* Task objective:
Repeat only these lines, exactly: the first line of the data, the line containing "Aquatic themed design", and every line between them. Pictures stay out.

···

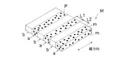 以下に本発明を、図面を参照しながら説明する。図1は、本発明の高分子フィルム(M)の概念図であり、ポリマーマトリクス(P)中に金属微粒子(m)が分散している。また本発明の高分子フィルム(M)は金属微粒子(m)の分散部分(a)と非分散部分(b)を有する。分散部分(a)は同じ方向に繰り返し配列して、縞状構造を形成している。分散部分(a)の配列方向が縦方向である。 The present invention will be described below with reference to the drawings. FIG. 1 is a conceptual diagram of the polymer film (M) of the present invention, in which metal fine particles (m) are dispersed in a polymer matrix (P). The polymer film (M) of the present invention has a dispersed part (a) and a non-dispersed part (b) of the metal fine particles (m). The dispersed portions (a) are repeatedly arranged in the same direction to form a striped structure. The arrangement direction of the dispersed portions (a) is the vertical direction.
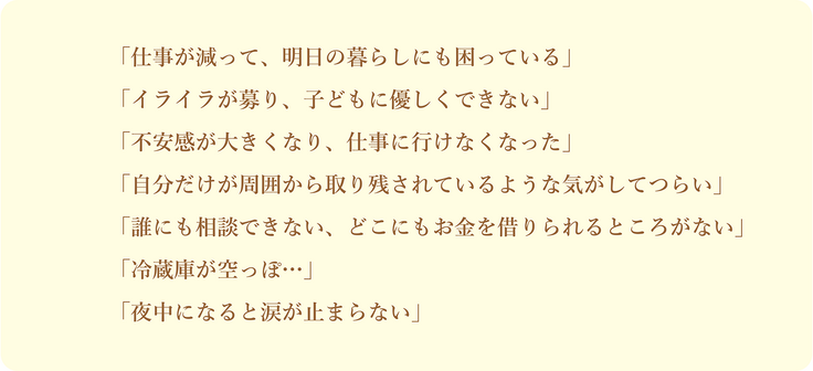 度重なる自然災害や長引くコロナ禍の中で、困窮していくひとり親世帯や、子育ての負担感を抱え追い詰められている女性たちの拠り所を創り孤立化を防ぐことを通して、誰一人取り残さない、誰もが自分らしく働き・暮らせる社会を目指します。
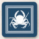 Aquatic themed design with crab decoration in striped squares on blue background
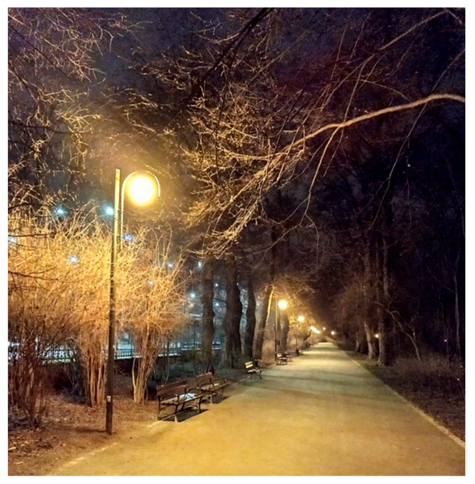 - Lis, A.; Zienowicz, M.; Kącki, Z.; Iwankowski, P.; Kukowska, D.; Shestak, V. Park lighting after dark–is it a route or a place? How people feel in park nightscapes (experiment). Landsc. Urban Plan. 2024, 248, 105098. [Google Scholar] [CrossRef]
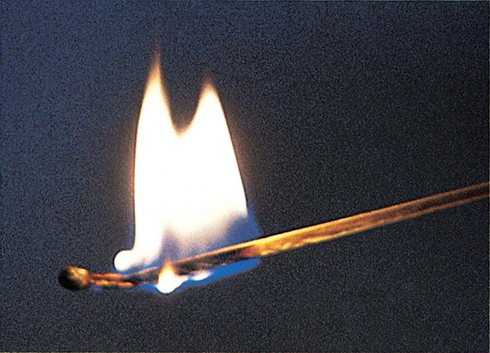2.Lägg en ytterst liten bit fosfor (betydligt mindre än en ärta) på en upp och nedvänd degel. Värm en glasstav något i en låga. Staven behöver inte vara varmare än att man kan ta på den utan att bränna sig. Vidrör sedan fosforbiten med glasstaven. Vad händer och vad visar detta?
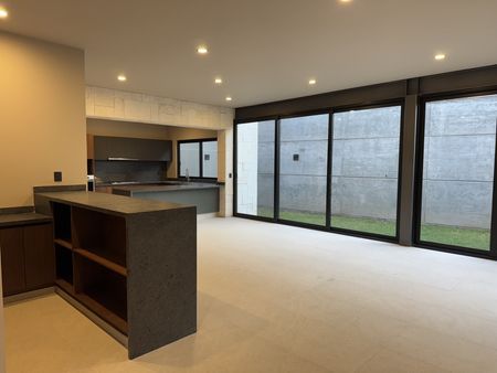 Planta baja: garage techado para 2 autos, baño de visitas, recámara con baño, bar, sala, comedor, cocina equipada, cuarto de servicio , centro de lavado, acceso de servicio.
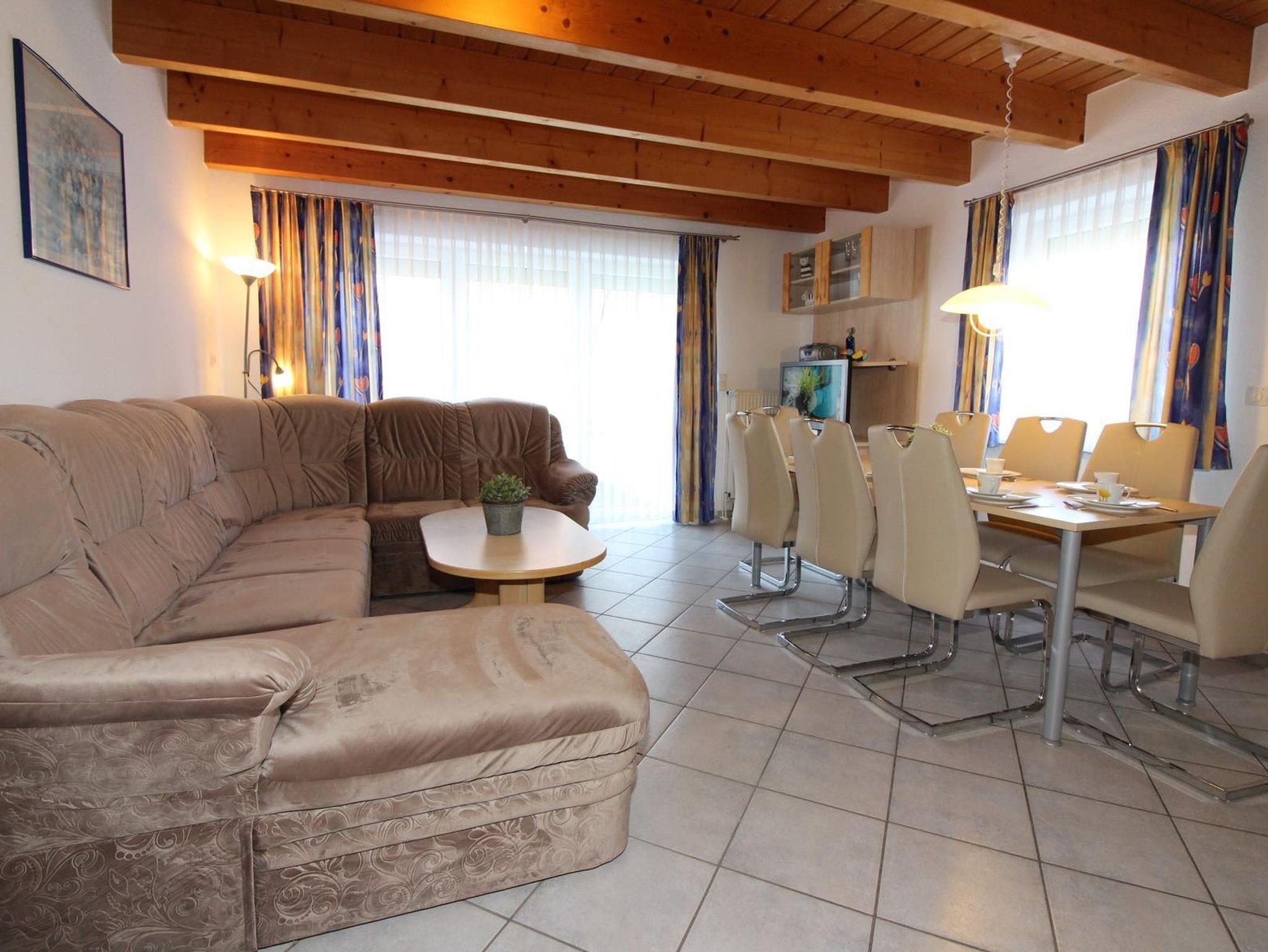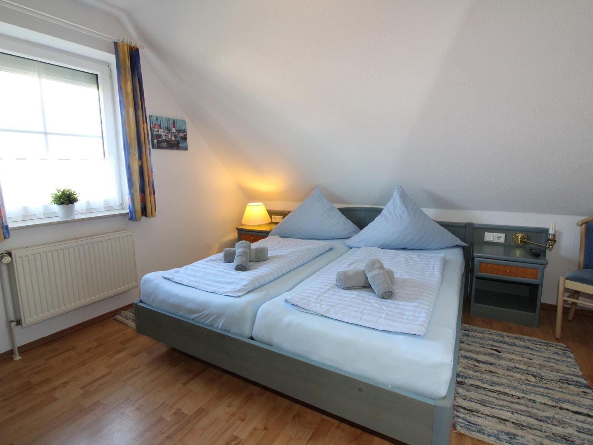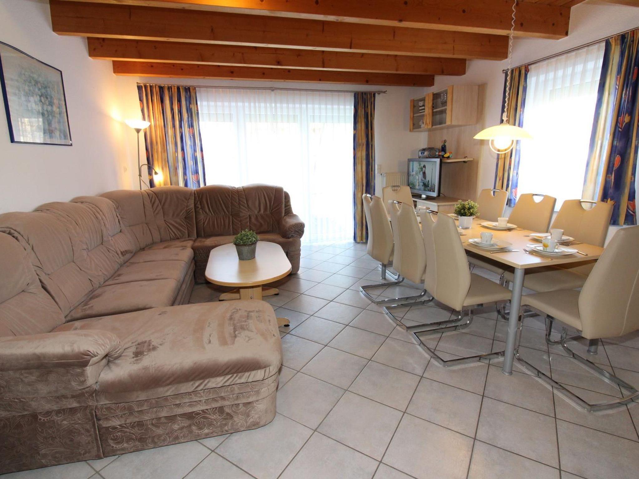 Sie wohnen in einem ruhig gelegenen Eckhaus für bis zu 8 Personen. Das Haus verfügt über eine Wohnfläche von 80 m² und drei Schlafräumen. Ein Schlafraum mit Doppelbett, zwei Schlafräume mit getrennten Betten. Wohn-/Schlafraum mit bequemer Doppelbettcouch, separater Essplatz, Kabel-TV, Stereoanlage, Telefon-ISDN-Anschluss, voll ausgestattete Einbauküche mit Mikrowelle und Geschirrspüler, Dusche/WC im Erd- und Obergeschoss, Terrasse.
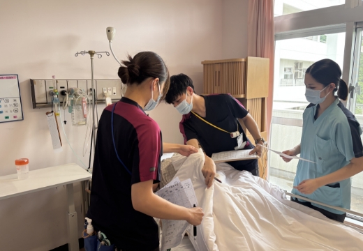 夜勤看護師と日勤看護師(先輩と二人)の3 名で受け持ち患者の部屋を訪室し患者状態の申し送りを受けます。患者さんへ受け持ち交代の挨拶をし点滴や酸素、ベッド柵と患者の安全確認を行っています。常に先輩が一緒にいるので安心です
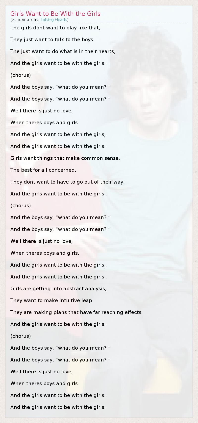 The girls dont want to play like that, They just want to talk to the boys. The just want to do what is in their hearts, And the girls want to be with the girls. (chorus) And the boys say, "what do you mean? " And the boys say, "what do you mean? " Well there is just no love, When theres boys and girls. And the girls want to be with the girls, And the girls want to be with the girls. Girls want things that make common sense, The best for all concerned. They dont want to have to go out of their way, And the girls want to be with the girls. (chorus) And the boys say, "what do you mean? " And the boys say, "what do you mean? " Well there is just no love, When theres boys and girls. And the girls want to be with the girls, And the girls want to be with the girls. Girls are getting into abstract analysis, They want to make intuitive leap. They are making plans that have far reaching effects. And the girls want to be with the girls. (chorus) And the boys say, "what do you mean? " And the boys say, "what do you mean? " Well there is just no love, When theres boys and girls. And the girls want to be with the girls. And the girls want to be with the girls.
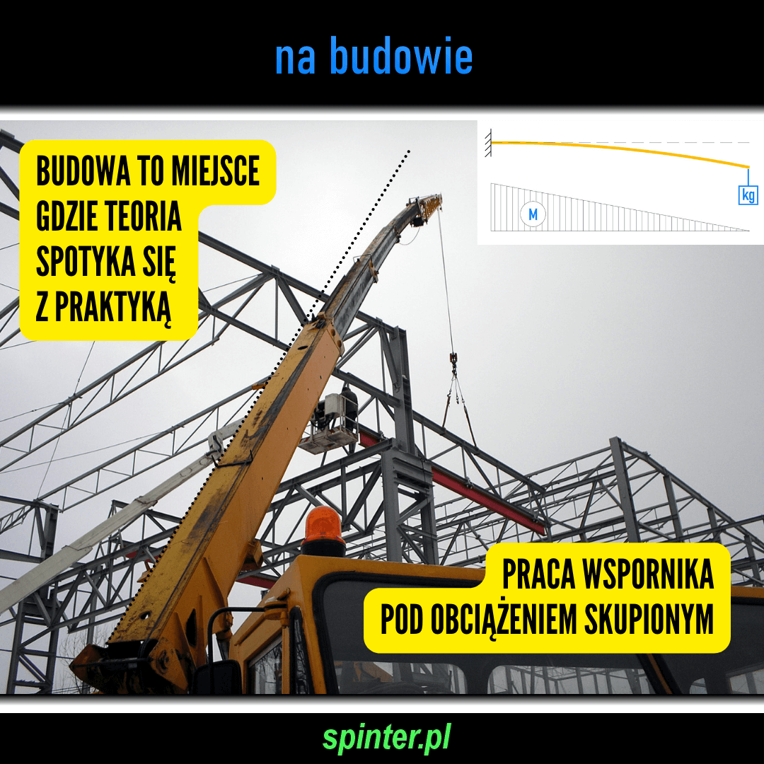 Im większy wysięg, tym większe ugięcie jego końca oraz większy moment zginający M w punkcie zamocowania.

···

* Result of this task:
 以下に本発明を、図面を参照しながら説明する。図1は、本発明の高分子フィルム(M)の概念図であり、ポリマーマトリクス(P)中に金属微粒子(m)が分散している。また本発明の高分子フィルム(M)は金属微粒子(m)の分散部分(a)と非分散部分(b)を有する。分散部分(a)は同じ方向に繰り返し配列して、縞状構造を形成している。分散部分(a)の配列方向が縦方向である。 The present invention will be described below with reference to the drawings. FIG. 1 is a conceptual diagram of the polymer film (M) of the present invention, in which metal fine particles (m) are dispersed in a polymer matrix (P). The polymer film (M) of the present invention has a dispersed part (a) and a non-dispersed part (b) of the metal fine particles (m). The dispersed portions (a) are repeatedly arranged in the same direction to form a striped structure. The arrangement direction of the dispersed portions (a) is the vertical direction.
 度重なる自然災害や長引くコロナ禍の中で、困窮していくひとり親世帯や、子育ての負担感を抱え追い詰められている女性たちの拠り所を創り孤立化を防ぐことを通して、誰一人取り残さない、誰もが自分らしく働き・暮らせる社会を目指します。
 Aquatic themed design with crab decoration in striped squares on blue background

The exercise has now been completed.